- [TASK DESCRIPTION] Output all of the records word for word and drop the images.

- [SOURCE DATA]
++++++++++
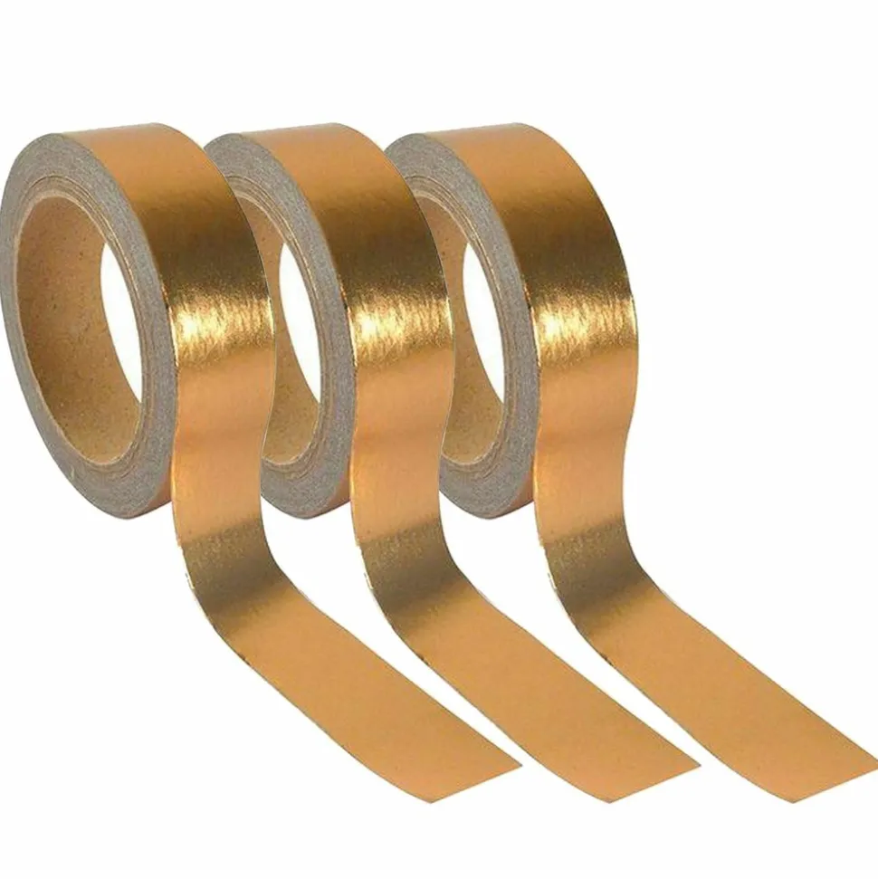 3 masking tapes cuivrés. Le masking tape foil cuivre est un ruban adhésif effet aluminium doré. Son aspect cuivré métallisé est idéal pour vos bricolages de fêtes (mariage, baptême, anniversaires…) et créations de fin d’année (Noël et Saint Sylvestre). Ruban papier décoratif, autocollant et repositionnable, déchirable facilement à la main. 15 mm x 5 m.
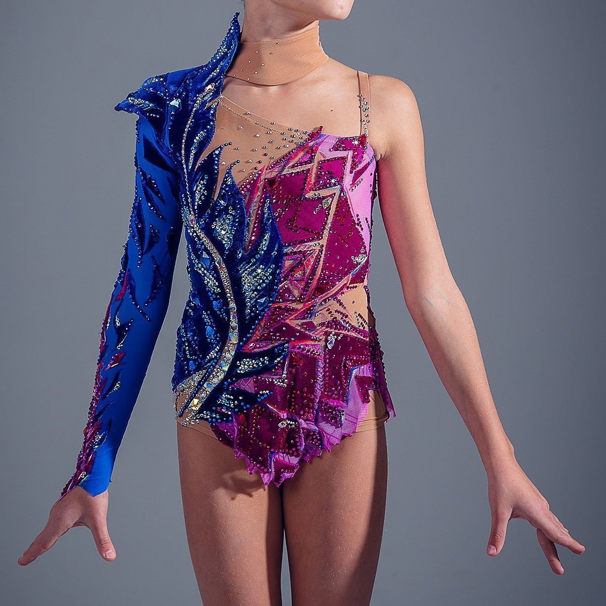 Источником вдохновения для создания данной изделия послужило переплетение образов райской птицы «Сирин», и образа древнего хрустального стеклодувного промысла- стеклоделия. В хрупкости и нестабильности нашего времени, даже при невесомом касании пера может разбиться душа на множество осколков. Но в непредугаданном будущем, через калейдоскоп «острого кружева» родится новая, светлая, чистая душа. Цветовое сочетание изделия выполнено исходя из исконных оттенков образа птицы «Сирин»-(синего и бордового), с учетом модных тенденций в цвете. А также, были учтены такие критерии, как: образ спортсмена, возраст и актуальность атмосфере зала для соревнований.
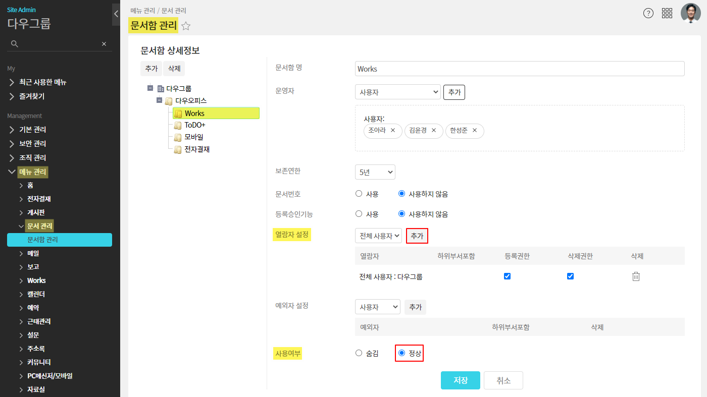 <열람자 설정 및 문서함 사용 설정 방법>
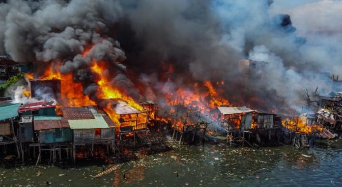 El enorme fuego causó que las mil viviendas sencillas hechas de madera y láminas que se encontraban en el rompeolas del Puerto Norte de Manila, se quemaran en su totalidad dejando a miles sin hogar.
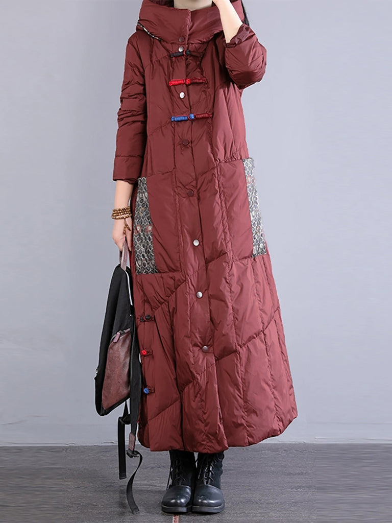 Women Winter Colorblock Turn-down Collar Padded Long Coat
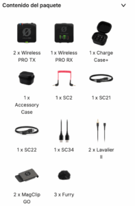 - Kit de accesorios completo, que incluye estuche de carga inteligente, dos Lavalier II micrófonos, cables, clips de montaje magnéticos MagClip GO y estuche de accesorios
++++++++++
- [ANSWER BELOW]
 3 masking tapes cuivrés. Le masking tape foil cuivre est un ruban adhésif effet aluminium doré. Son aspect cuivré métallisé est idéal pour vos bricolages de fêtes (mariage, baptême, anniversaires…) et créations de fin d’année (Noël et Saint Sylvestre). Ruban papier décoratif, autocollant et repositionnable, déchirable facilement à la main. 15 mm x 5 m.
 Источником вдохновения для создания данной изделия послужило переплетение образов райской птицы «Сирин», и образа древнего хрустального стеклодувного промысла- стеклоделия. В хрупкости и нестабильности нашего времени, даже при невесомом касании пера может разбиться душа на множество осколков. Но в непредугаданном будущем, через калейдоскоп «острого кружева» родится новая, светлая, чистая душа. Цветовое сочетание изделия выполнено исходя из исконных оттенков образа птицы «Сирин»-(синего и бордового), с учетом модных тенденций в цвете. А также, были учтены такие критерии, как: образ спортсмена, возраст и актуальность атмосфере зала для соревнований.
 <열람자 설정 및 문서함 사용 설정 방법>
 El enorme fuego causó que las mil viviendas sencillas hechas de madera y láminas que se encontraban en el rompeolas del Puerto Norte de Manila, se quemaran en su totalidad dejando a miles sin hogar.
 Women Winter Colorblock Turn-down Collar Padded Long Coat
 - Kit de accesorios completo, que incluye estuche de carga inteligente, dos Lavalier II micrófonos, cables, clips de montaje magnéticos MagClip GO y estuche de accesorios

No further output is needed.